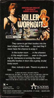 The slasher formula is so simple that it can be imposed on pretty much any setting, from the obvious choices of high schools and sleepovers and creepy houses, to slightly more adventurous locales like coal mines and malls and hospitals and radio stations and the dimly lit alleys of New York. Really, no matter where you set your slasher, the bare minimum you need is a cast of characters so stupid and shallow that the audience can cheer as they get picked off. And when you consider that the stupidest and shallowest people in the world can frequently be found in 1980s-era gyms, you start to see how Killer Workout might not be as much of a shoehorning exercise as it initially sounds.
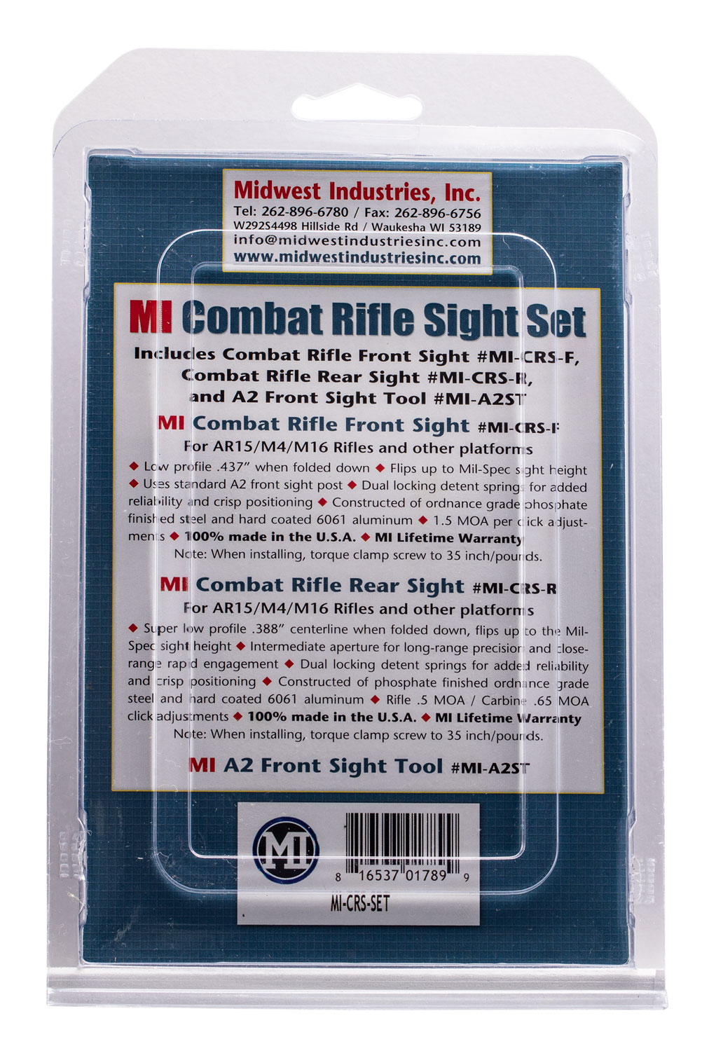Midwest Industries MICRSSET Combat Rifle Sight Set Black Flip Up Front & Rear for AR-15, M16, M4
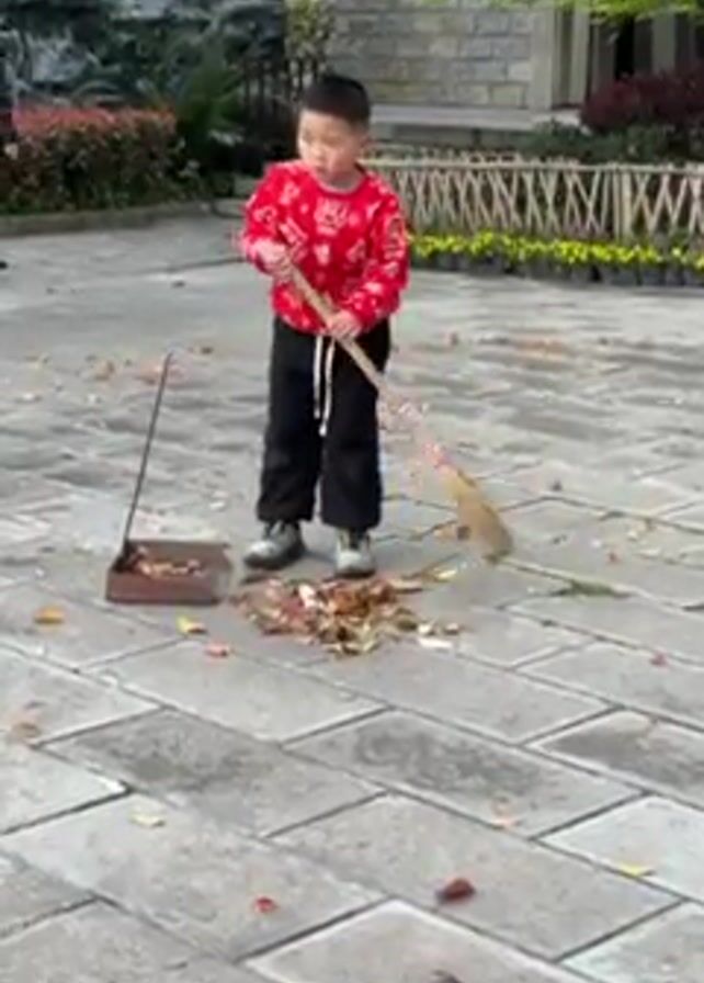 A young boy in a red sweater and black pants sweeps leaves from a brick paved area with a broom. A metal dustpan is on the ground beside him. In the background are plants and a wall. A person walks by in the background.

» **Aim of the task**
Could you reproduce the listing above word for word while leaving out its pictures?

» **The answer**
 The slasher formula is so simple that it can be imposed on pretty much any setting, from the obvious choices of high schools and sleepovers and creepy houses, to slightly more adventurous locales like coal mines and malls and hospitals and radio stations and the dimly lit alleys of New York. Really, no matter where you set your slasher, the bare minimum you need is a cast of characters so stupid and shallow that the audience can cheer as they get picked off. And when you consider that the stupidest and shallowest people in the world can frequently be found in 1980s-era gyms, you start to see how Killer Workout might not be as much of a shoehorning exercise as it initially sounds.
Midwest Industries MICRSSET Combat Rifle Sight Set Black Flip Up Front & Rear for AR-15, M16, M4
 A young boy in a red sweater and black pants sweeps leaves from a brick paved area with a broom. A metal dustpan is on the ground beside him. In the background are plants and a wall. A person walks by in the background.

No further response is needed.